Directions for this task:
Return exactly, please, the line that contains "O Couto Mixto era" and every line after it through the end of the material that follows, leaving pictures aside.

Data below:
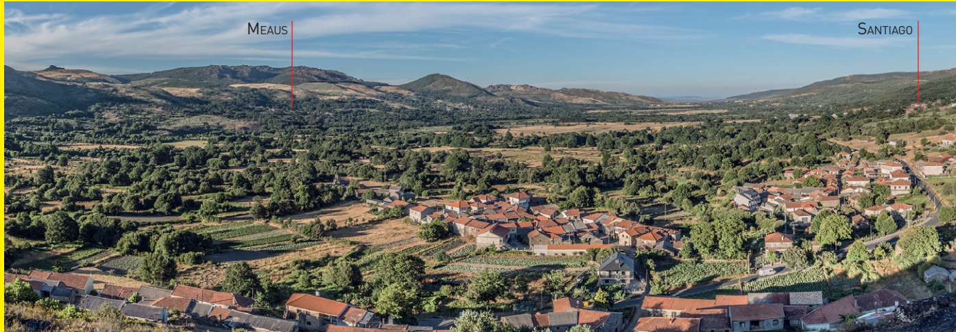
AS TRES ALDEAS DO COUTO MIXTO: NO PRIMEIRO PLANO RUBIAS, MEAUS E SANTIAGO AO FONDO

O Couto Mixto era un territorio fronteirizo entre Galicia e Portugal con goberno e xustiza propios. Non pagaban impostos en ningún dos dous países. En 1864, un acordo entre España e Portugal suprimiu e pasou a formar parte dos concellos de Calvos de Randín e Baltar na provincia de Ourense. Nos últimos anos estase a loitar pola recuperación da súa memoria histórica.
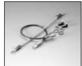
L4.82086.E Connecting wire compl. Verbindungslitzen kpl.

Expected answer:
O Couto Mixto era un territorio fronteirizo entre Galicia e Portugal con goberno e xustiza propios. Non pagaban impostos en ningún dos dous países. En 1864, un acordo entre España e Portugal suprimiu e pasou a formar parte dos concellos de Calvos de Randín e Baltar na provincia de Ourense. Nos últimos anos estase a loitar pola recuperación da súa memoria histórica.
L4.82086.E Connecting wire compl. Verbindungslitzen kpl.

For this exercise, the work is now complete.